>>>

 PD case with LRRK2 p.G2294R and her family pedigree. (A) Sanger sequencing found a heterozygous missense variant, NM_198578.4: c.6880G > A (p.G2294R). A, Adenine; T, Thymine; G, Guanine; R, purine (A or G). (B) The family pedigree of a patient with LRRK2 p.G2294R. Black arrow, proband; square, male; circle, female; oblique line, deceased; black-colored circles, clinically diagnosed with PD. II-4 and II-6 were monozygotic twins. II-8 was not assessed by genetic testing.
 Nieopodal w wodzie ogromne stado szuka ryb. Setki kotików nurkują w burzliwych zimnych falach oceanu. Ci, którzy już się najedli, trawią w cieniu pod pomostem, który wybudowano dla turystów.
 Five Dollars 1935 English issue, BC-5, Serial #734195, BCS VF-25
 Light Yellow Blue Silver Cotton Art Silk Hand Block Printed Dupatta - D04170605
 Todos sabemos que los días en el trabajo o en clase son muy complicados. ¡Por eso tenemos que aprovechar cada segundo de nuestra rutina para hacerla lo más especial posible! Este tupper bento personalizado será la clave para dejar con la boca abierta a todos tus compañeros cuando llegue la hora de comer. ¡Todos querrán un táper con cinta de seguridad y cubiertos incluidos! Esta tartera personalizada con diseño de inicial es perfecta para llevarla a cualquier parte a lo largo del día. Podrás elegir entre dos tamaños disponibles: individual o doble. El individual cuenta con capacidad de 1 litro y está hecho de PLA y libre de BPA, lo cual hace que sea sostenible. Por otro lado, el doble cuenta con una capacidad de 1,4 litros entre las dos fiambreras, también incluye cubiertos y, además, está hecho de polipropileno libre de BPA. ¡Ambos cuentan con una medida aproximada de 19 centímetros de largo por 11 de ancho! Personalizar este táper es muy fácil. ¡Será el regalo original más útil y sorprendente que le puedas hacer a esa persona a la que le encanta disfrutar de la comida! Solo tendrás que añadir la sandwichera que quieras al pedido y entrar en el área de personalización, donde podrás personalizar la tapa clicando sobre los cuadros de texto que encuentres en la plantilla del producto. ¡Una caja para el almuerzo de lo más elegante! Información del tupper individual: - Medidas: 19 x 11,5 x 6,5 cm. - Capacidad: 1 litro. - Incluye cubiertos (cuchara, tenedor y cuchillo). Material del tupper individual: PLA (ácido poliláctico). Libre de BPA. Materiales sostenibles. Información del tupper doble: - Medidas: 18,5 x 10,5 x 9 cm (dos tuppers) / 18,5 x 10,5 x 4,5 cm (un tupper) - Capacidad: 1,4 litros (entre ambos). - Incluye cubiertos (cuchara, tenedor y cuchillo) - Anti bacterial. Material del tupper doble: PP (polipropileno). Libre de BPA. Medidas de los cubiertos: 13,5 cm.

<<<
>>>

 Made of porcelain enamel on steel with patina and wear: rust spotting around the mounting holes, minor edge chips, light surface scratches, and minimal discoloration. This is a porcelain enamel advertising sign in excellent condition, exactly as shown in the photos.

<<<

- [Exercise prompt] In the listing above, transcribe exactly everything from the line containing "PD case with" down to the line containing "Five Dollars 1935", including both and nothing more.

- [Task solution]
 PD case with LRRK2 p.G2294R and her family pedigree. (A) Sanger sequencing found a heterozygous missense variant, NM_198578.4: c.6880G > A (p.G2294R). A, Adenine; T, Thymine; G, Guanine; R, purine (A or G). (B) The family pedigree of a patient with LRRK2 p.G2294R. Black arrow, proband; square, male; circle, female; oblique line, deceased; black-colored circles, clinically diagnosed with PD. II-4 and II-6 were monozygotic twins. II-8 was not assessed by genetic testing.
 Nieopodal w wodzie ogromne stado szuka ryb. Setki kotików nurkują w burzliwych zimnych falach oceanu. Ci, którzy już się najedli, trawią w cieniu pod pomostem, który wybudowano dla turystów.
 Five Dollars 1935 English issue, BC-5, Serial #734195, BCS VF-25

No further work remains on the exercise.